# Task brief
Give again exactly the lines that run from the start of the records to the line holding "Equipped with 2*AA", both ends counted. Do not include the pictures.
****************************************
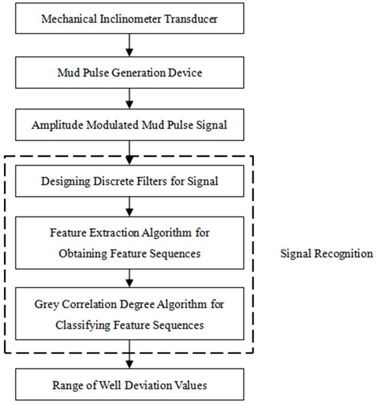 In summary, the positive pulse signals used in conventional mechanical measurements have lower transmission efficiency compared to amplitude-modulated signals. Therefore, studying how to recognize and demodulate the amplitude-modulated signals generated by mechanical measuring instruments is of significant importance. To address these issues, this paper proposes a method for recognizing and demodulating amplitude-modulated signals based on the amplitude-modulated signals generated by purely mechanical measuring instruments. According to the signal modulation method and its corresponding encoding structure, this approach includes three main analysis methods: signal filtering processing, extraction of relevant features, and classification of signal feature sequences using the grey relational analysis algorithm. The goal is to provide theoretical guidance for the transmission of mud pulse signals in ultra-deep wells up to 10,000 m deep. The developed process for identifying amplitude-modulated mud pulse signals is illustrated in Figure 2.
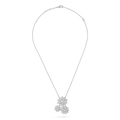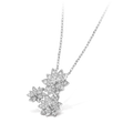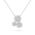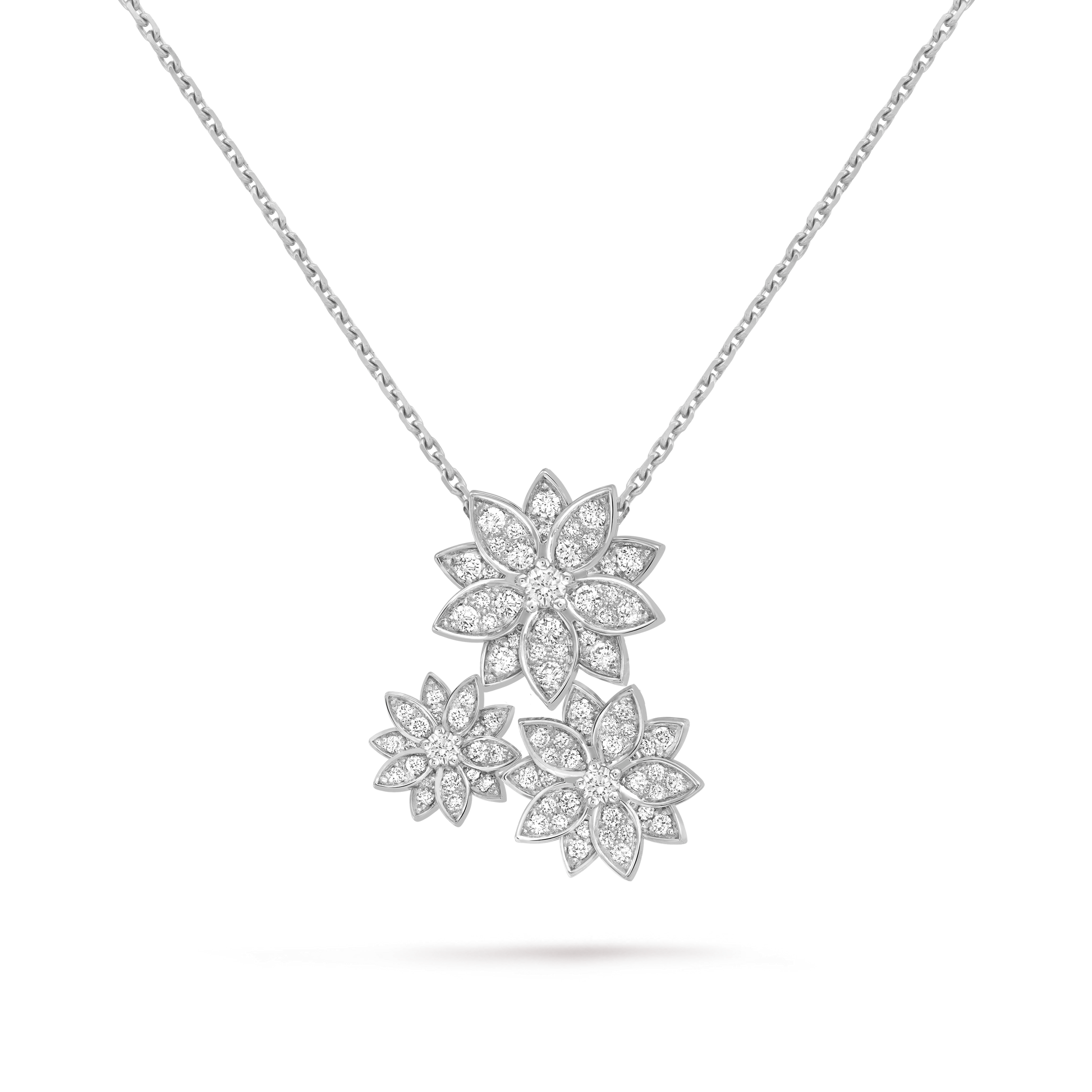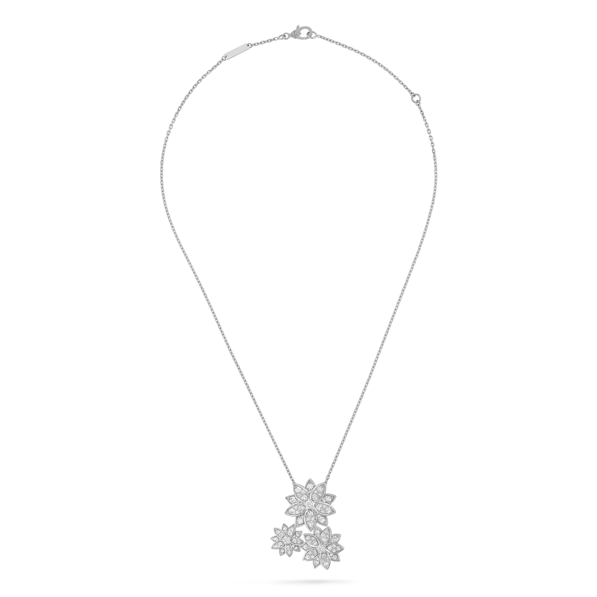 莲花吊坠,3 朵花,18K 镀铑白金,圆形钻石;钻石品质 DEF、IF 至 VVS。吊坠与项链链相连
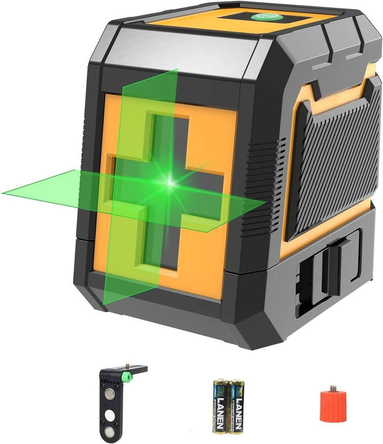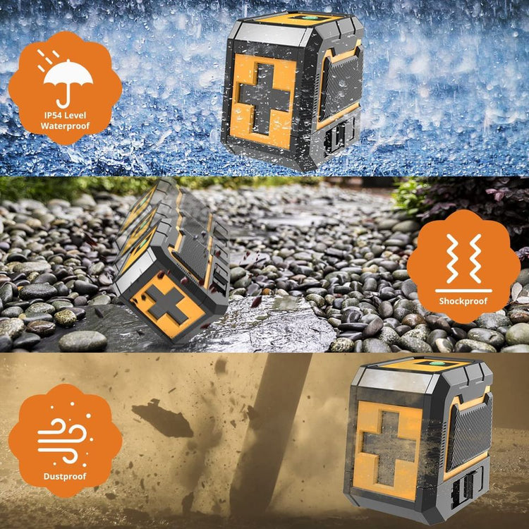 Equipped with 2*AA batteries, the working time could reach up to 8 hours, you can replace the batteries at anytime. Very convenient. The L-shape magnetic wall bracket included can easily and stably mount the laser level to steel.
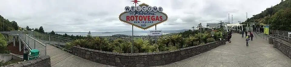 A common nickname for Rotorua is "Sulphur City" due to the hydrogen sulphide emissions, which gives the city a smell similar to "rotten eggs",[1] as well as "Rotten-rua" combining its legitimate name and the rotten smell prevalent.[12] Another common nickname is "Roto-Vegas", likening the city's own strip of road flanked by businesses and restaurants to that of Las Vegas.[13]
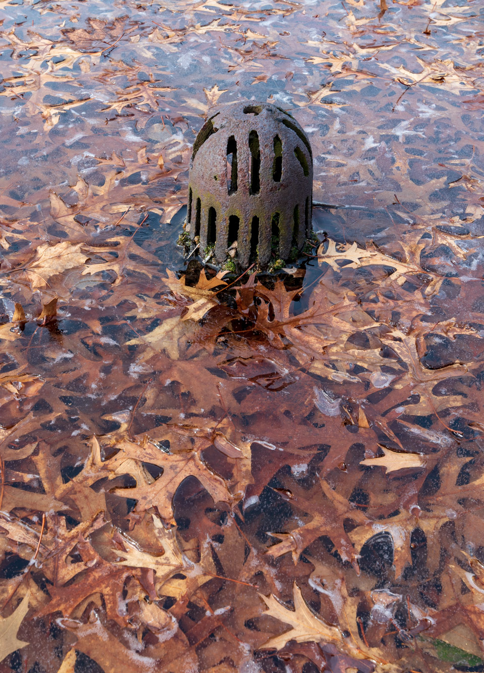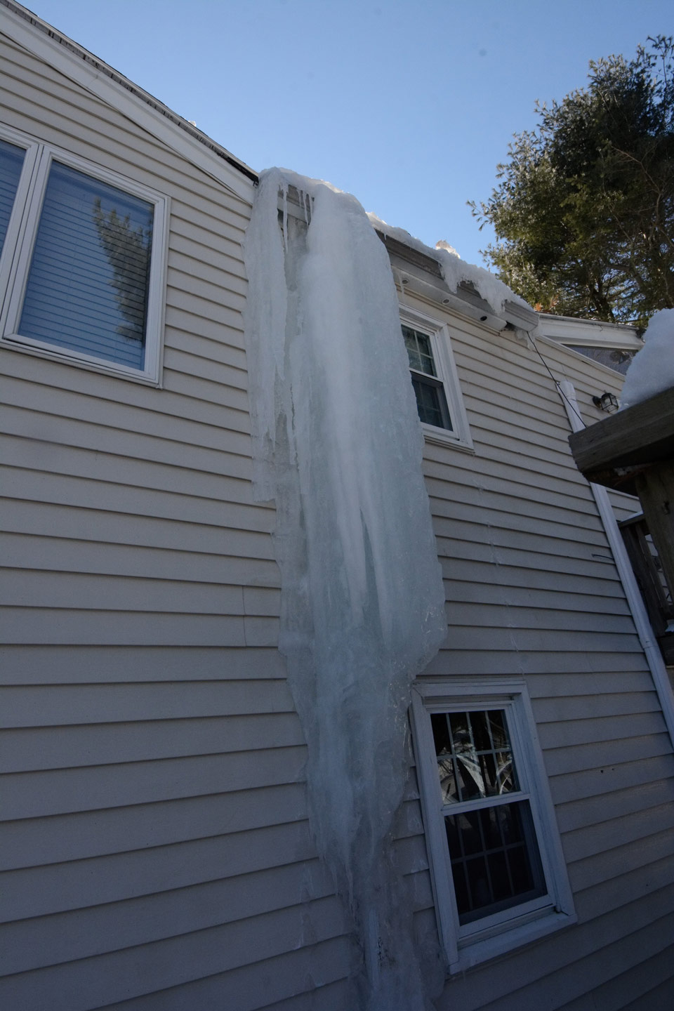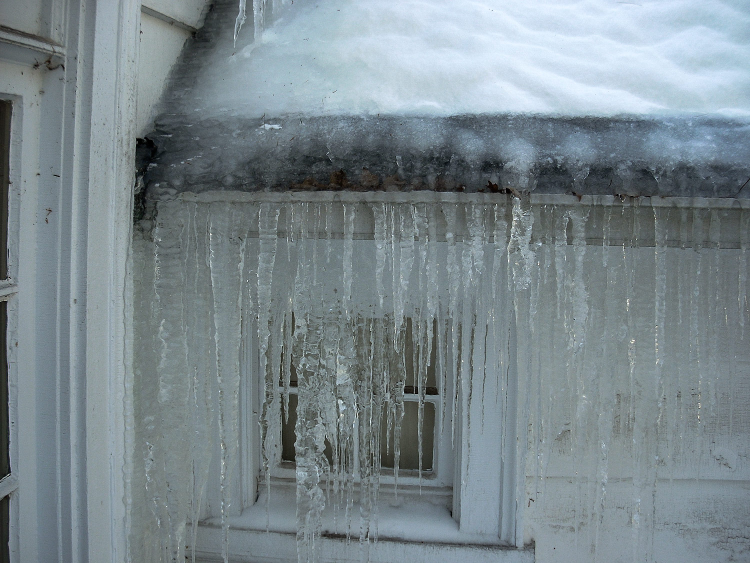 No maintenence had been done on the drain and now small leaves had frozen inside the grates clogging them on this roof and then everything froze to prevent roof from draining.
****************************************
# Exercise response
 In summary, the positive pulse signals used in conventional mechanical measurements have lower transmission efficiency compared to amplitude-modulated signals. Therefore, studying how to recognize and demodulate the amplitude-modulated signals generated by mechanical measuring instruments is of significant importance. To address these issues, this paper proposes a method for recognizing and demodulating amplitude-modulated signals based on the amplitude-modulated signals generated by purely mechanical measuring instruments. According to the signal modulation method and its corresponding encoding structure, this approach includes three main analysis methods: signal filtering processing, extraction of relevant features, and classification of signal feature sequences using the grey relational analysis algorithm. The goal is to provide theoretical guidance for the transmission of mud pulse signals in ultra-deep wells up to 10,000 m deep. The developed process for identifying amplitude-modulated mud pulse signals is illustrated in Figure 2.
 莲花吊坠,3 朵花,18K 镀铑白金,圆形钻石;钻石品质 DEF、IF 至 VVS。吊坠与项链链相连
 Equipped with 2*AA batteries, the working time could reach up to 8 hours, you can replace the batteries at anytime. Very convenient. The L-shape magnetic wall bracket included can easily and stably mount the laser level to steel.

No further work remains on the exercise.